- [ABOUT THIS EXERCISE]: Give the whole listing below once more, exactly, without pictures.
:: STORED DATA
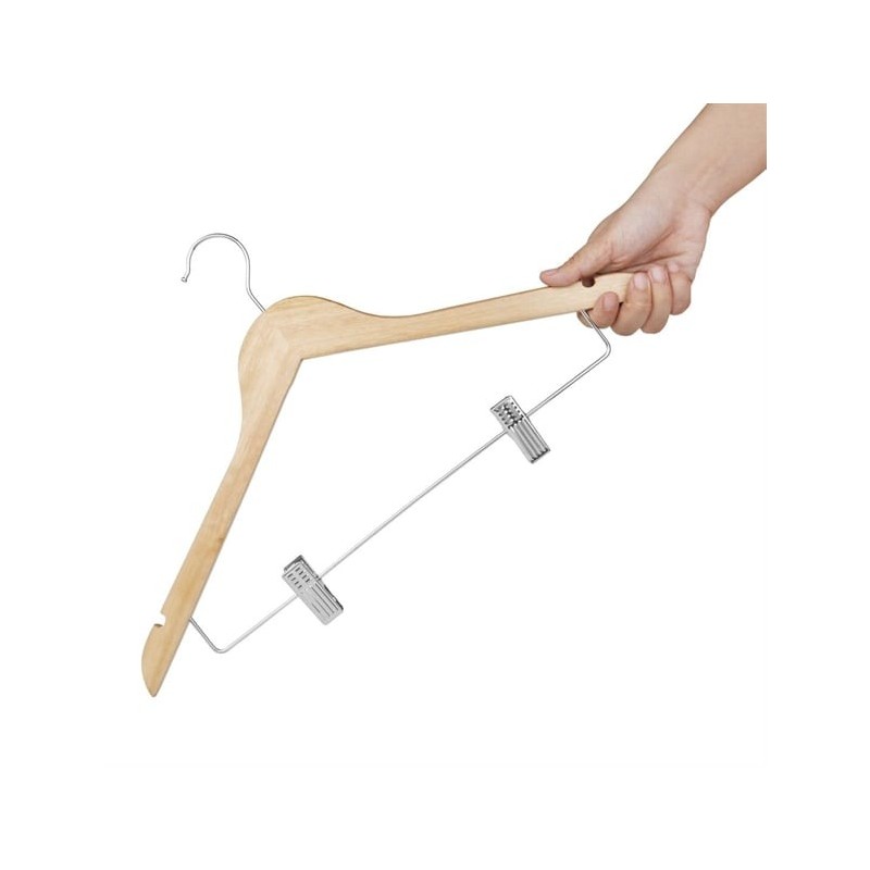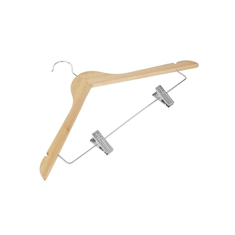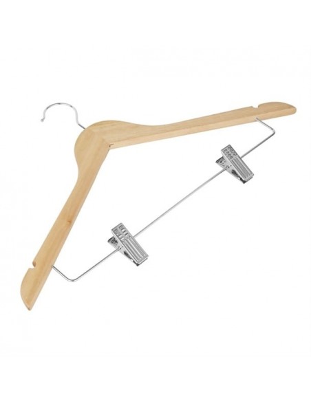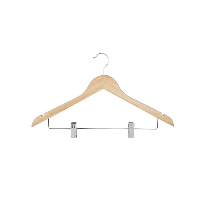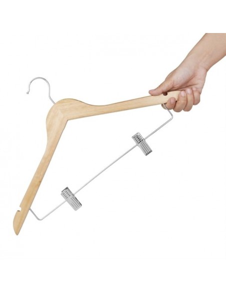 Bolero's wooden hanger with dual hanging clips is a workhorse for any closet. Perfect for hotels, B&Bs, and cloakrooms, its sturdy construction can handle a variety of adult clothing. Notched arms prevent garments with straps or loops, like dresses and skirts, from slipping off, while the swivel hook allows for easy positioning.
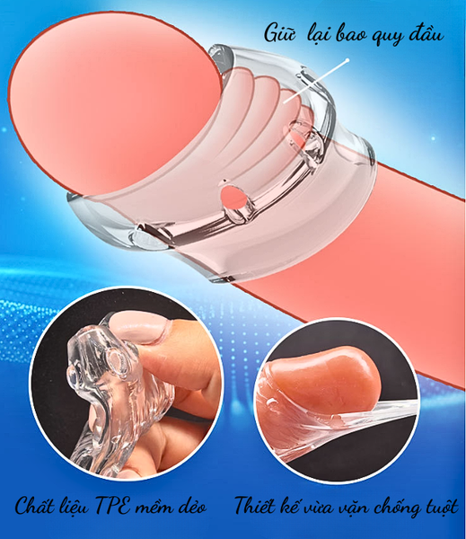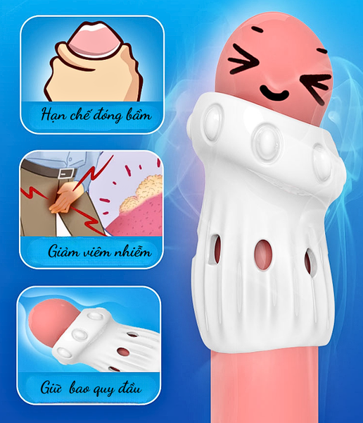 - Chức Năng Hỗ Trợ (Ngăn Bao Quy Đầu Tuột): Chức năng nguyên bản của sản phẩm là “Vòng kháng”. Khi đeo, nó tạo ra một rào cản vật lý, giữ cho lớp da bao quy đầu không trượt lên che mất phần quy đầu. Điều này giúp nam giới duy trì trạng thái “lộ thiên” trong suốt cuộc yêu, tăng cường sự nhạy cảm và tự tin.
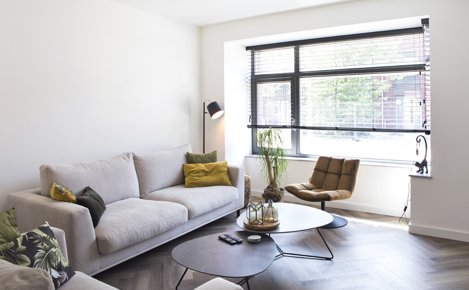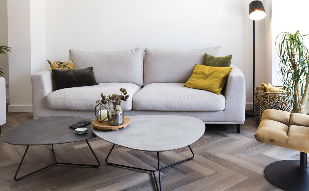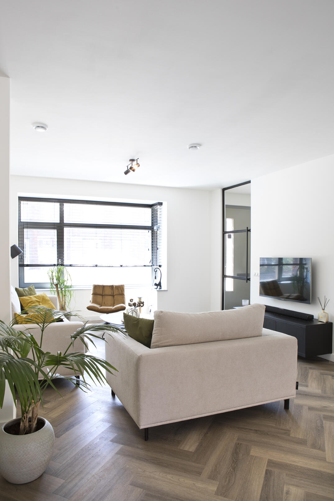 Ze kozen voor lichte kleuren en redelijk strakke lijnen in de inrichting van de woonkamer. De zithoek is gesitueerd aan de voorzijde van de woning, waar ze een mooi uitzicht op het parkje aan de overkant van de straat hebben.
::::
- [TASK RESPONSE]:
 Bolero's wooden hanger with dual hanging clips is a workhorse for any closet. Perfect for hotels, B&Bs, and cloakrooms, its sturdy construction can handle a variety of adult clothing. Notched arms prevent garments with straps or loops, like dresses and skirts, from slipping off, while the swivel hook allows for easy positioning.
 - Chức Năng Hỗ Trợ (Ngăn Bao Quy Đầu Tuột): Chức năng nguyên bản của sản phẩm là “Vòng kháng”. Khi đeo, nó tạo ra một rào cản vật lý, giữ cho lớp da bao quy đầu không trượt lên che mất phần quy đầu. Điều này giúp nam giới duy trì trạng thái “lộ thiên” trong suốt cuộc yêu, tăng cường sự nhạy cảm và tự tin.
 Ze kozen voor lichte kleuren en redelijk strakke lijnen in de inrichting van de woonkamer. De zithoek is gesitueerd aan de voorzijde van de woning, waar ze een mooi uitzicht op het parkje aan de overkant van de straat hebben.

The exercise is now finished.